Conflicting Christian narratives reflected in bishops Holy Land visit

Bishop Declan Lang (far right) and the Bishops of the Holy Land Coordination prayed in solidarity with the Gazans at the Erez crossing - the Israel/Gaza border during their 2015 visit. (Photo: The Catholic Church for England and Wales)

Fourteen senior Roman Catholic bishops and clergy from across North America, Europe and South Africa completed their annual Holy Land Coordination visit last month themed Prayer, Pilgrimage and Persuasion.

The group visited the West Bank, Hebron and East Jerusalem. Three of the Bishops also visited Gaza.

Prayer included daily Eucharist celebration, often with local Catholic representatives. Pilgrimage involved visits to local Catholics and political figures, responding to Palestinian requests for greater contact with the wider Christian community. Persuasion referred to representation of the Palestinian situation to politicians and the media back home.

The group controversially referenced Leviticus 25:10, the Jubilee, calling for an end to the “scandal” of “50 years of occupation (by Israel) to which we must never become accustomed.”

“This de facto annexation of land not only undermines the rights of Palestinians in areas such as Hebron and East Jerusalem but, as the UN recently recognized, also imperils the chance of peace,” according to a statement signed by 12 bishops.

The bishops represented the Council of European Bishops’ Conferences, the Commission of the Bishops’ Conferences of the European Community and the Southern African Catholic Bishops’ Conference, as well as other European bishops.

“So many people in the Holy Land have spent their entire lives under occupation, with its polarizing social segregation, yet still profess hope and strive for reconciliation,” the statement continued. “Now, more than ever, they deserve our solidarity,”

Addressing the third objective, persuasion, the bishops called on Christians worldwide: “to recognize our own responsibility for prayer, awareness and action.”
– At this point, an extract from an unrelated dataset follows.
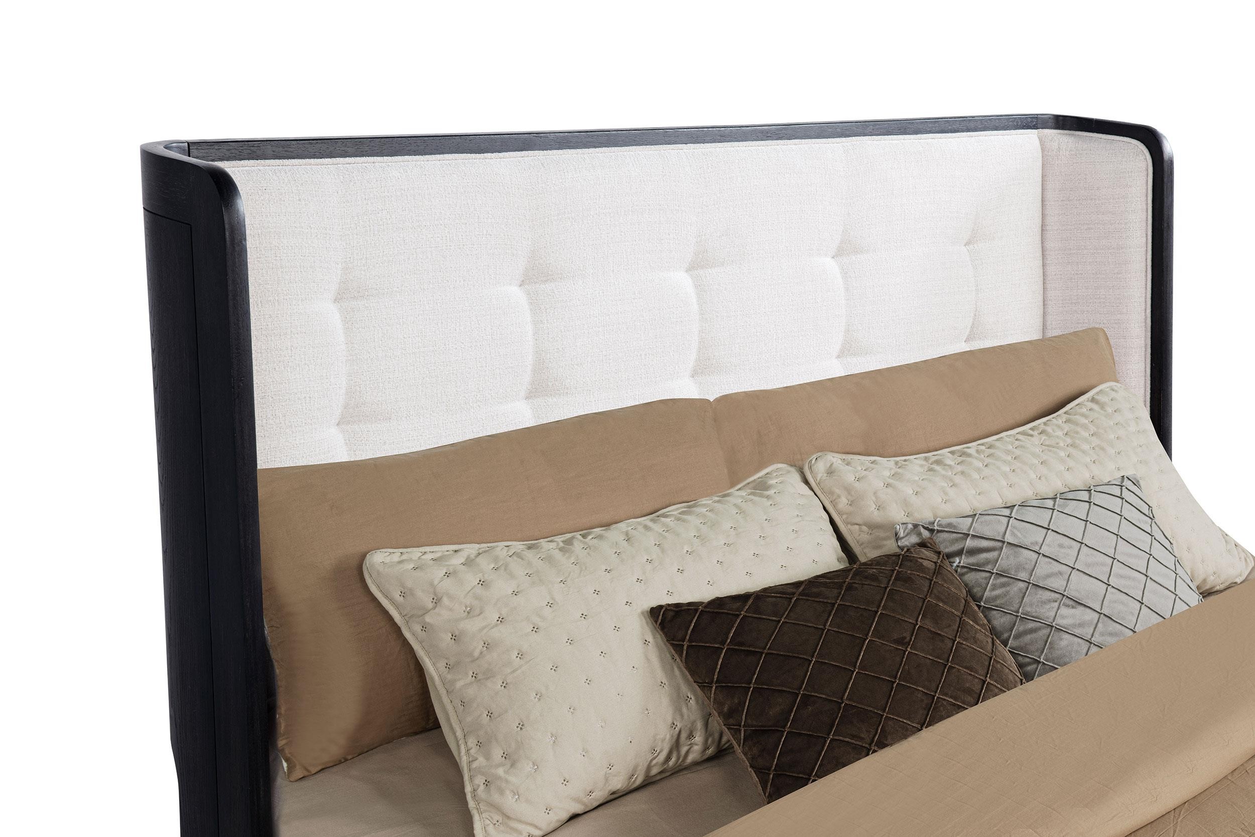 Embrace restful refinement with this wingback bed, where sculpted edges and tailored softness unite. The headboard’s clean winged silhouette is wrapped in cream fabric, offering contrast against the burnished black frame and subtle tufting for a gentle finish. Crafted from a blend of solid and engineered wood, this foundation-ready bed balances strength with serenity, blending modern minimalism with quiet luxury.
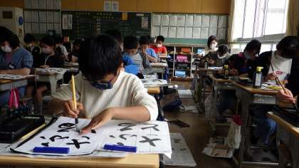 書写では,「ふるさと」の文字を清書しました。休み時間の間にしっかりと用具の準備をし,点画のつながりを意識して取り組むことができました。

The bishop’s stand was clearly anti-Israel and failed to address Hamas and the Palestinian Authority’s public advocacy of terrorism and the fact that most persecution of Christians in the Holy Land – including martyrdom – is perpetrated by Islamic communities in Gaza and the West Bank.

The bishops’ call for ‘prayer, awareness and action’ from the wider ‘Christian’ community back home did not offer alternative narratives of the root causes and potential solutions for Palestinian suffering, which many Christians and Messianic Jews do subscribe to. The International Christian Embassy Jerusalem (ICEJ), for example, maintains objectives like those of the Holy Land Coordination visits, yet with an understanding that the land of Israel is covenanted by God to the Jewish people (Genesis 12:7, 13:5).